Introduction to Drone Swarm Attacks
A drone swarm attack involves multiple unmanned aerial vehicles (UAVs) operating in a coordinated manner, often without requiring a central controller, with each unit following a slightly different set of rules. Unlike drone light shows, these swarms are deployed with hostile intent, posing a significant threat to personnel and infrastructure.
A 2018 United States Army study indicated that swarming tactics could make attack drones at least 50 per cent more lethal while simultaneously decreasing defensive losses by 50 per cent.
Nations including China, France, India, Spain, South Africa, the United States, and the United Kingdom have developed or tested drone swarm programmes. These systems are used for intelligence gathering, communication, and direct attack.
Drone swarms represent a fundamental shift in weapons technology, capable of achieving mass destruction through numerous small-scale attacks.
Characteristics of Drone Swarms
Autonomous Operation
True autonomous drone swarms do not always require a central controller; instead, individual units operate with varying protocols. This distributed brain allows them to adapt to changing conditions without reliance on a single leader, sharing data and reconfiguring as drones are added or removed. This capability makes them robust and effective. Some advanced systems, such as the AVIC Jaw Tan mothership, can deploy up to 100 smaller drones from internal payload bays. When multiple motherships coordinate, they can cover thousands of square kilometres, instantly sharing information to create an adaptive network.
Lethality and Global Development
Drone swarms are designed to overwhelm defences. The Israeli Defence Forces deployed their first military drone swarm in combat in May 2021, striking numerous targets. The United States Army has been working on layered, low-cost, and rapidly deployable counter-drone systems, particularly at the squad level, recognising that cheap, ultralight drones can behave like guided missiles. These drones often operate in teams, with dozens waiting to strike from various angles, and some are even deployed as part of a lurk and strike tactic, left on the ground to await targets.

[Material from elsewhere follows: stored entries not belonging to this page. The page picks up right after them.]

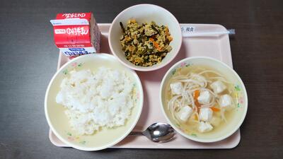 今日のメニュー【ご飯、牛乳、魚ソーメン、高菜そぼろ丼】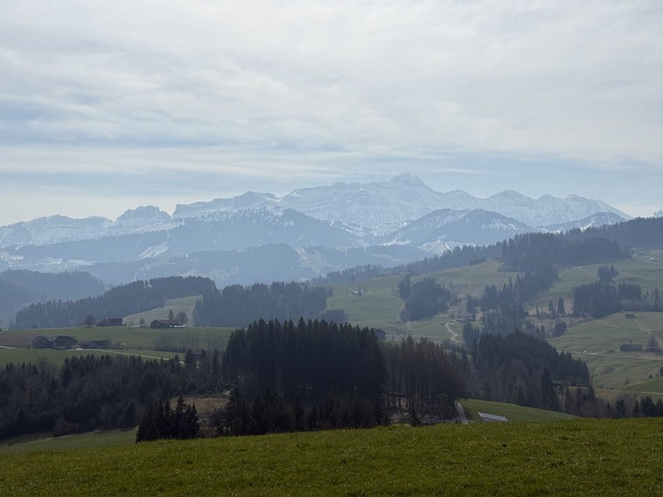 Der erste Aufstieg zum Nieschberg ist zügig, aber gut zu gehen. Das Motörchen surrt zufrieden. Ich grüsse die ersten Geissen am Wegrand. Oben öffnet sich der Blick trotz noch etwas milchigem Himmel: ein weites Panorama hinüber zum Säntismassiv und tief hinein ins Toggenburg. Der Säntis zeigt sich in frischem Weiss — einfach zum Anbeissen schön. Die sanfte Hügellandschaft darunter wirkt dadurch fast schwebend.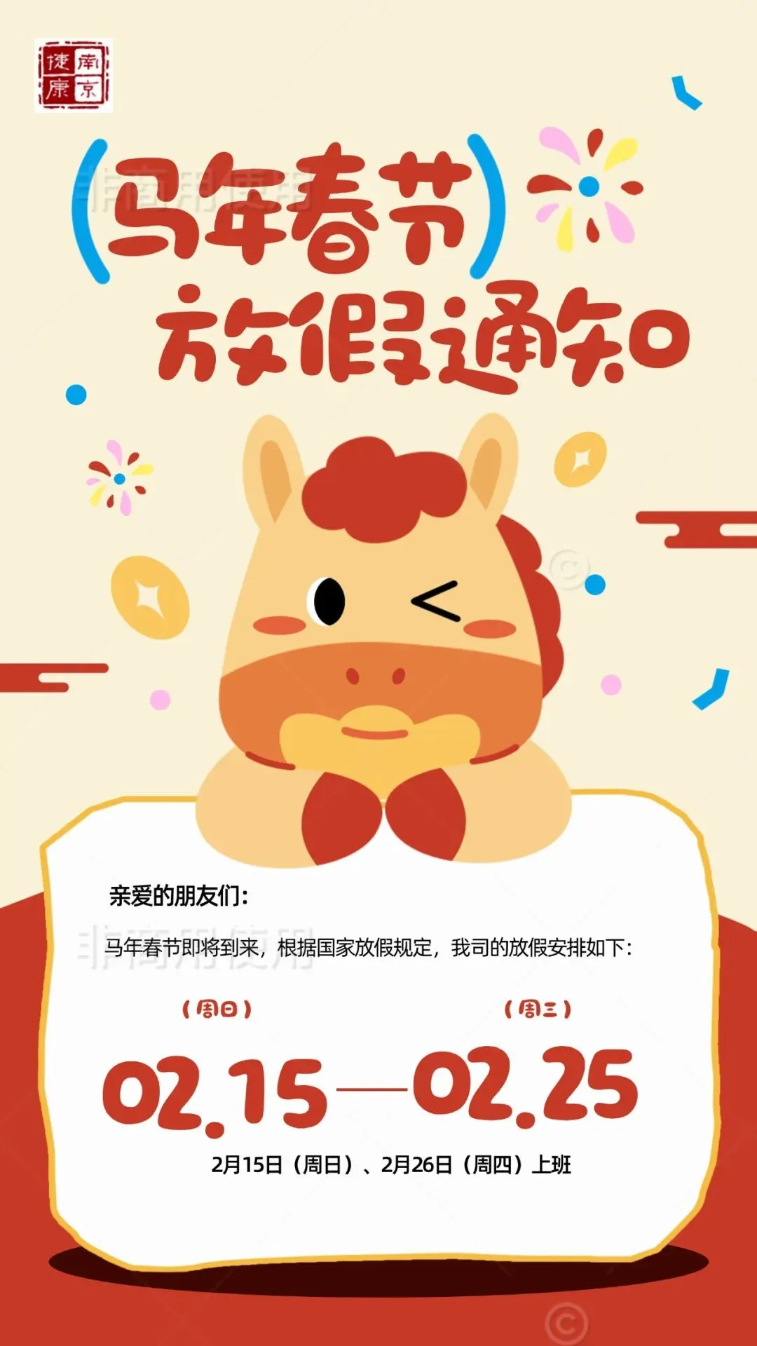 >南京捷康2026年春节假期安排!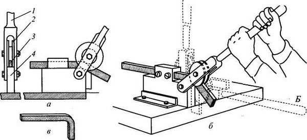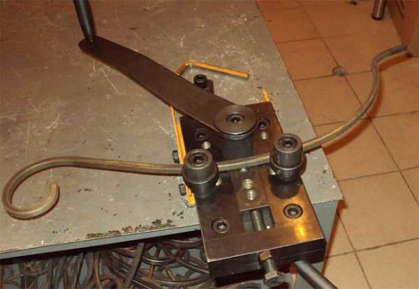 Чтобы качественно сформировать угол в изделии производимом методом холодной ковки, вам понадобится станок под названием «гнутик». Он состоит из стальной пластины с подвижным упором на которых находятся два опорных вала и рычаг.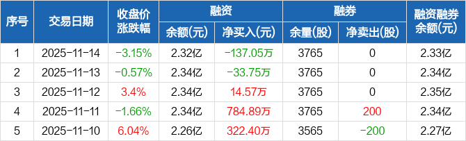 晶丰明源:融资净偿还137.05万元,融资余额2.32亿元(11-14)
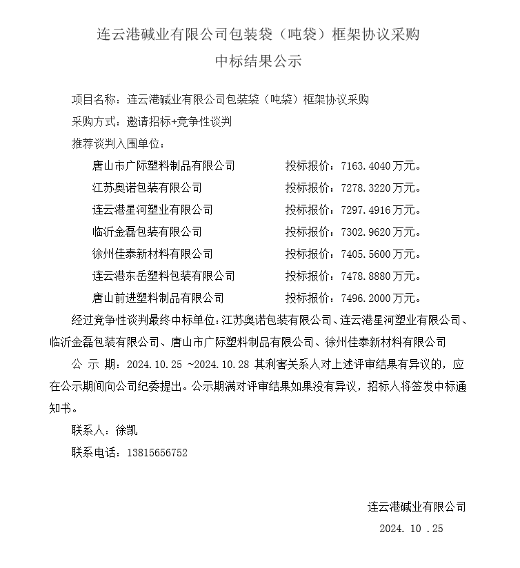 連云港堿業有限公司包裝袋(噸袋)框架協議采購中標結果公示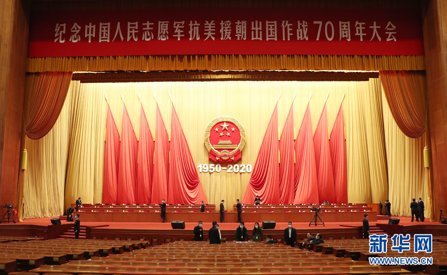 ??? 10月23日,紀(jì)念中國(guó)人民志愿軍抗美援朝出國(guó)作戰(zhàn)70周年大會(huì)在北京人民大會(huì)堂隆重舉行。圖為人民大會(huì)堂大禮堂。(新華網(wǎng) 翟子赫 攝)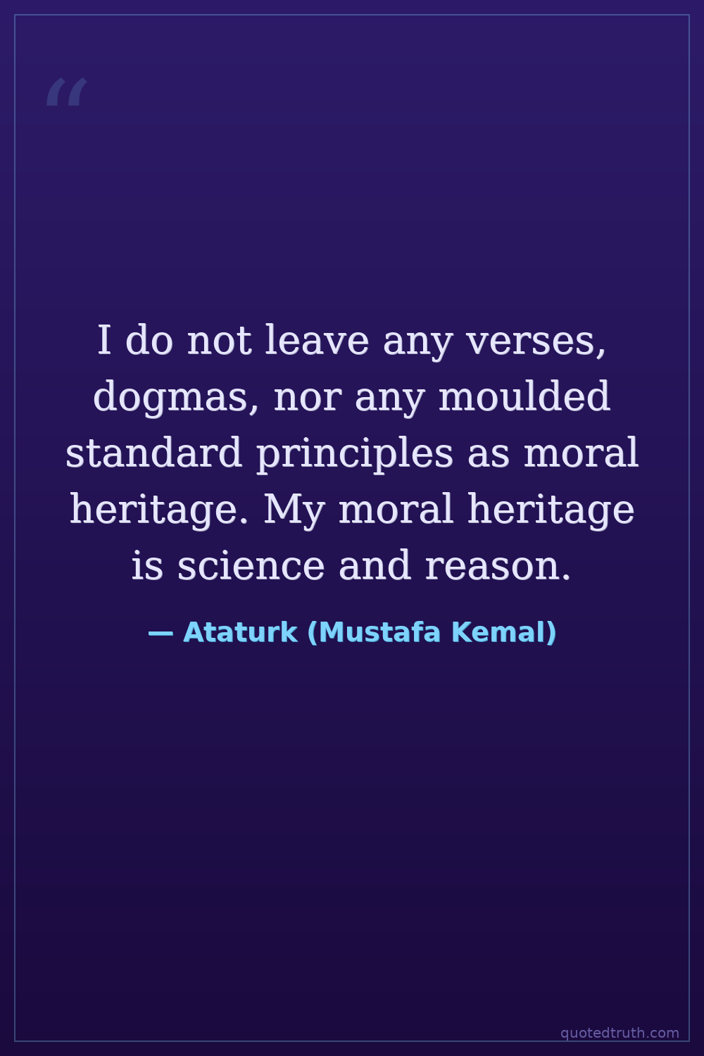I do not leave any verses, dogmas, nor any moulded standard principles as moral heritage. My moral heritage is science and reason.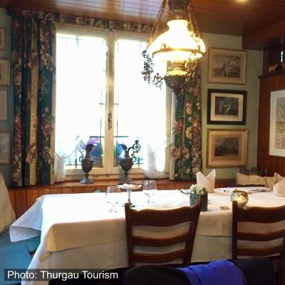 Diese gemütliche Wirtschaft, im 400-jährigen Riegelhaus, ist eine gute Adresse für jede Gelegenheit. Thomas Bodenmann, Besitzer und Küchenchef, geht auf die Wünsche seiner Gäste ein. Er verwöhnt sie mit einer seiner spontanen, kreativen und leichten, der Saison angepassten Küche. Er kocht mit spezieller Sorgfalt und Innovationsfreude eine grosse Auswahl von frischen Bodensee-Fischen. Für Überraschungen sorgen immer wieder seine Spezialitäten, etwa jene mit dem ganz speziellen "Thurgauer Etwas".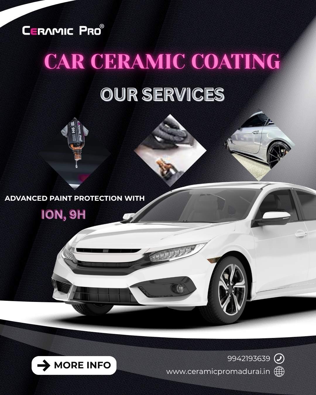 Not just a shine.... It's a shield! Ceramic coating locks in your car's beauty and keeps it protected from harsh sun, dirt & minor scratches. Drive clean, stay glossy, and stand our everyday! Contact: 9942193639 Website: www.ceramicpromadurai.in Location: Ceramic Pro NO. 81M Ganagavel Garden, Virudhunagar Byepass Road, Kappalur, Madurai. #ceramiccoating #cardetailingindia #carcaretips #carprotection #paintprotection #paintprotectionfilm #ppfindia #detailingstudio #carshine #glossfinish #carwash #carsofindia #madurai #tamilnadu #carlover #luxurycarcare #shineandprotect #carupgrade #cleanride #detailerslife #carsdaily #instacars #carstyle #vehiclecare #premiumfinish.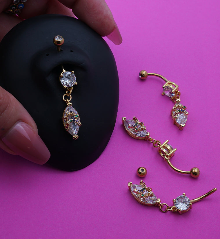 Gold PVD Rainbow CZ Oval Dangle Stainless Steel Belly Button Ring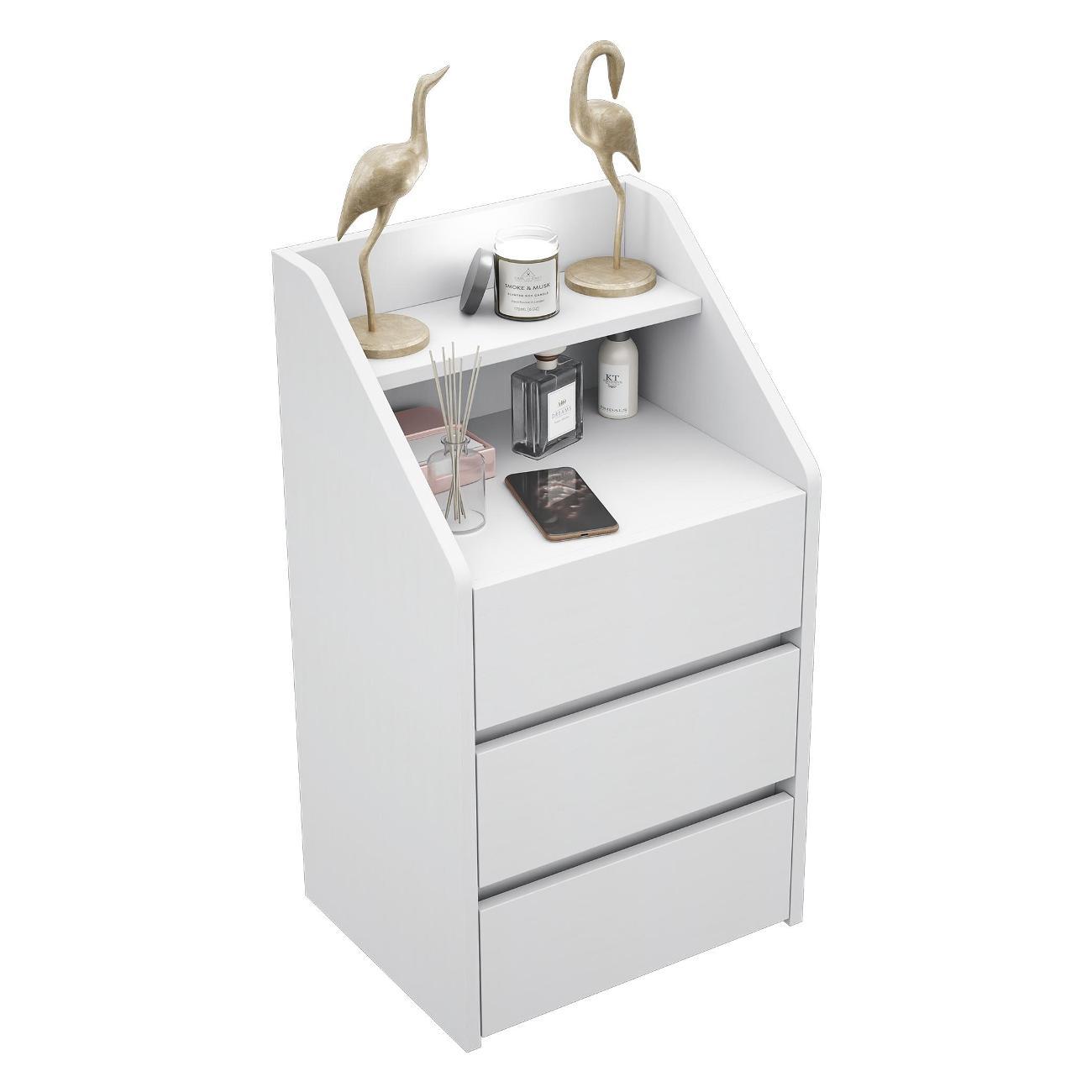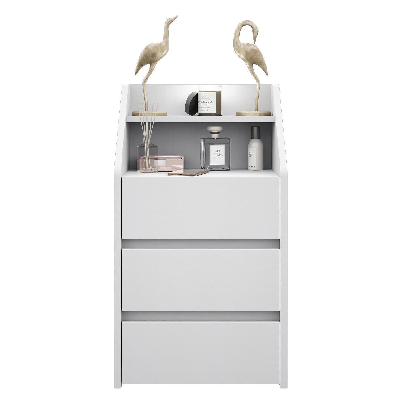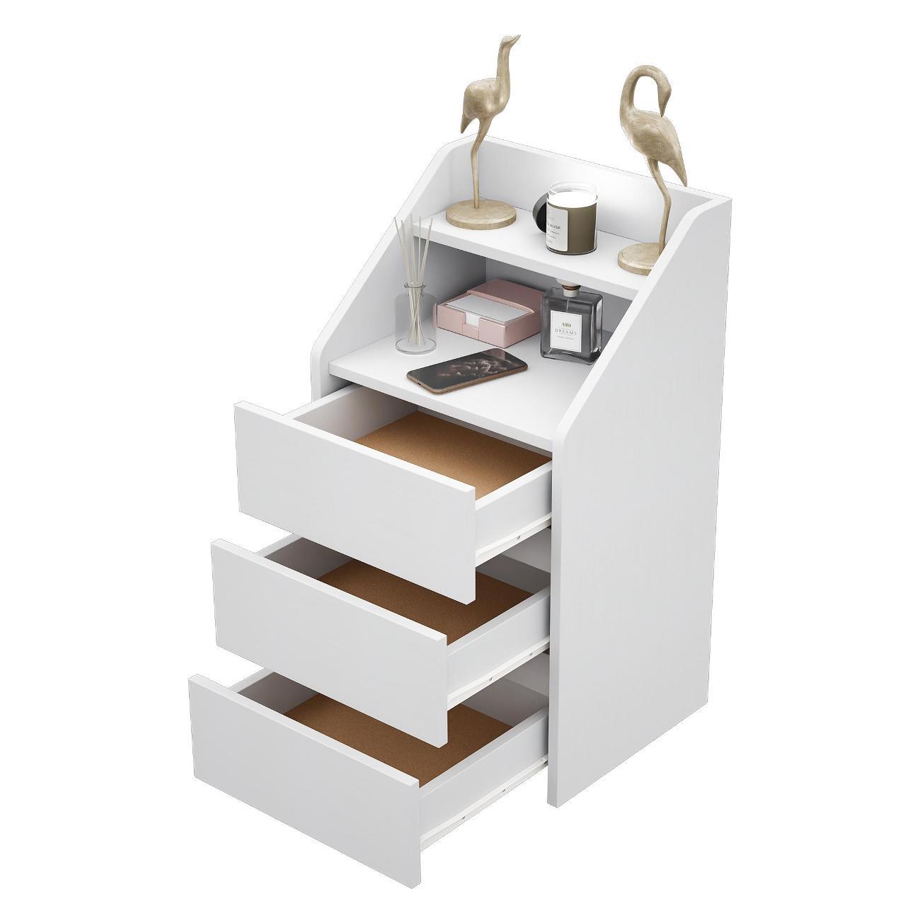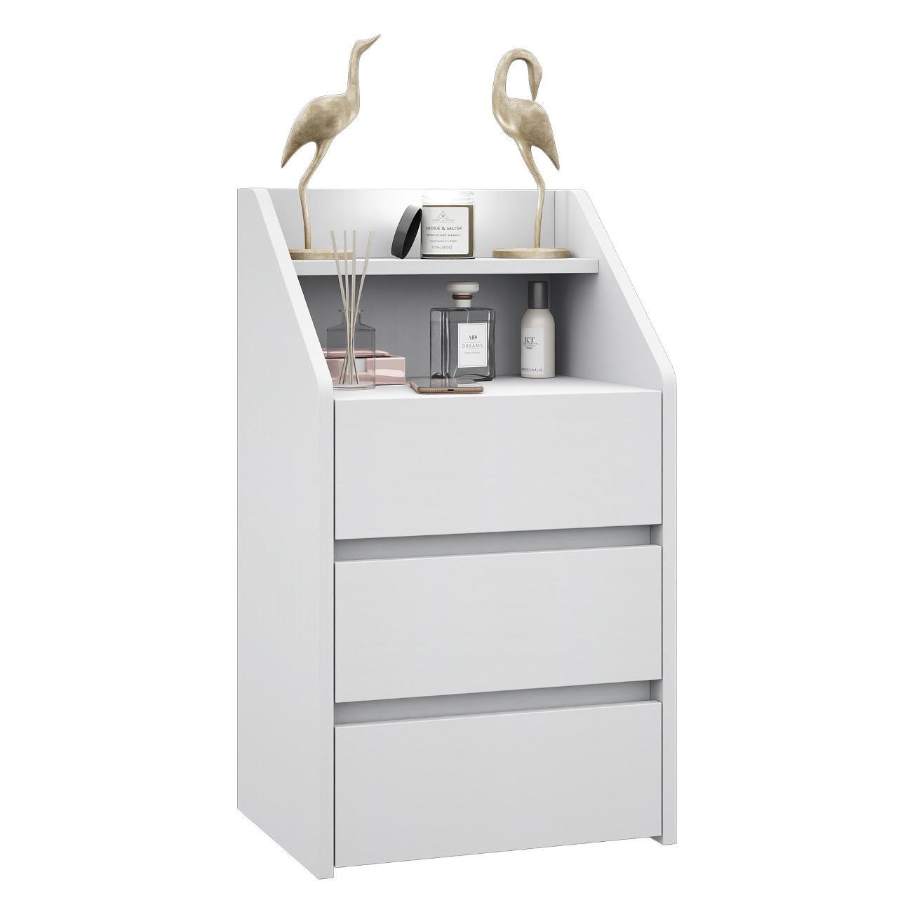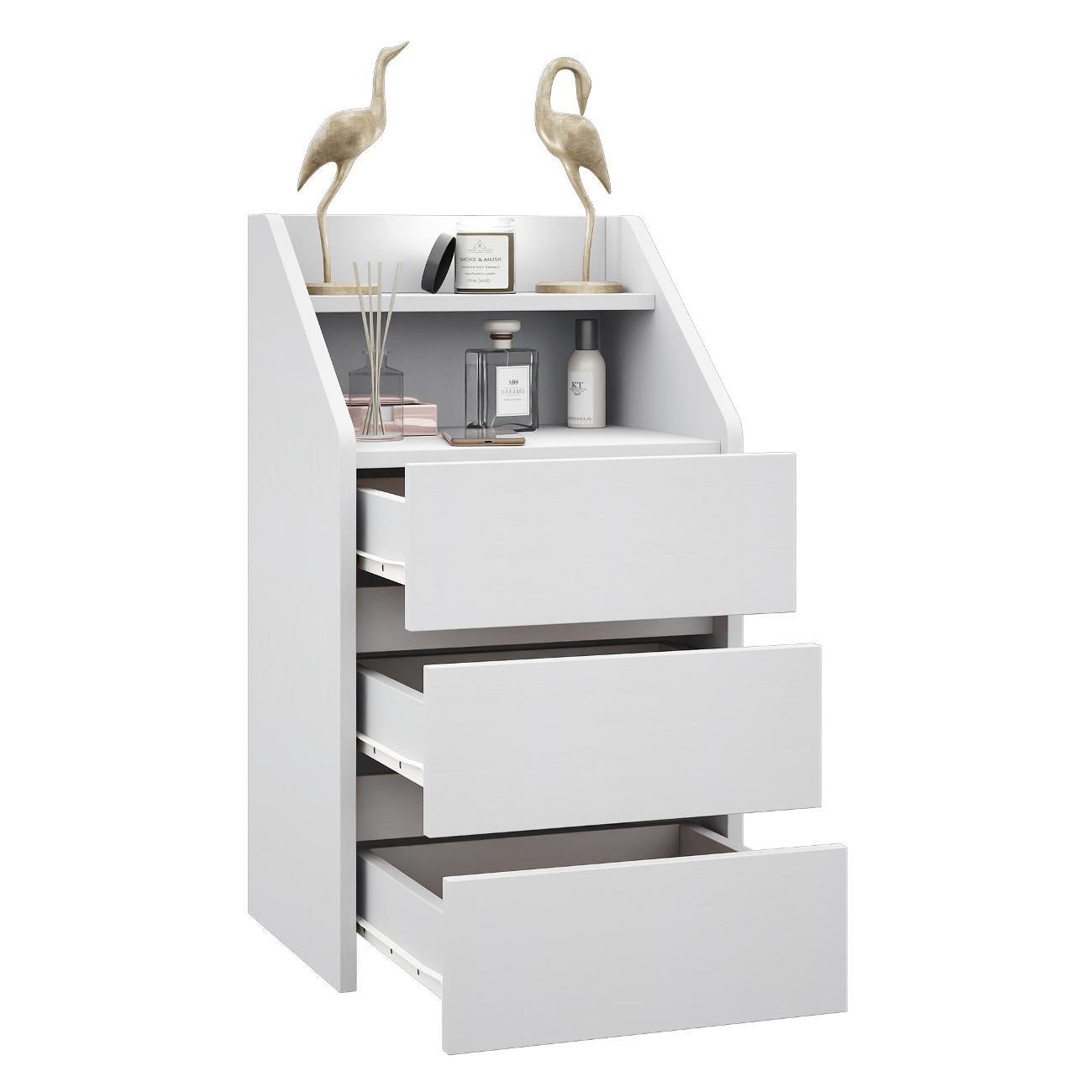 Функциональность: Три вместительных ящика идеально подходят для хранения косметики, аксессуаров и мелочей. Открытая ниша и полка позволяют разместить книги, декоративные элементы или лампу.

Types of Swarms and Drones
One prevalent type is the First-Person View (FPV) drone. These are inexpensive, lightweight, and extremely fast, capable of speeds up to 140 kilometres per hour. FPV drones are highly agile, enabling them to strike both static and moving targets. They produce a characteristic screeching motor sound and are typically piloted by operators using Virtual Reality (VR) goggles who respond to real-time video feeds.
FPV drones are often deployed in hunter-killer pairs, with one unit conducting surveillance and the other initiating the attack. Some advanced drones can be hardwired to an operator via a thin strand of fibre-optic line, making them immune to jamming but also louder, slower, and susceptible to the wire becoming tangled.
Waves of Attack
Drone swarms commonly operate in distinct waves to achieve their objectives:
- Surveillance Wave: This initial phase involves gathering information across large areas, including mapping the environment, identifying and locating potential targets, detecting enemy defences, and providing persistent intelligence. Drones employ coordinated search patterns, such as random walks, creeping lines, expanding squares, or grid-based searches, often flying at layered altitudes to ensure comprehensive coverage.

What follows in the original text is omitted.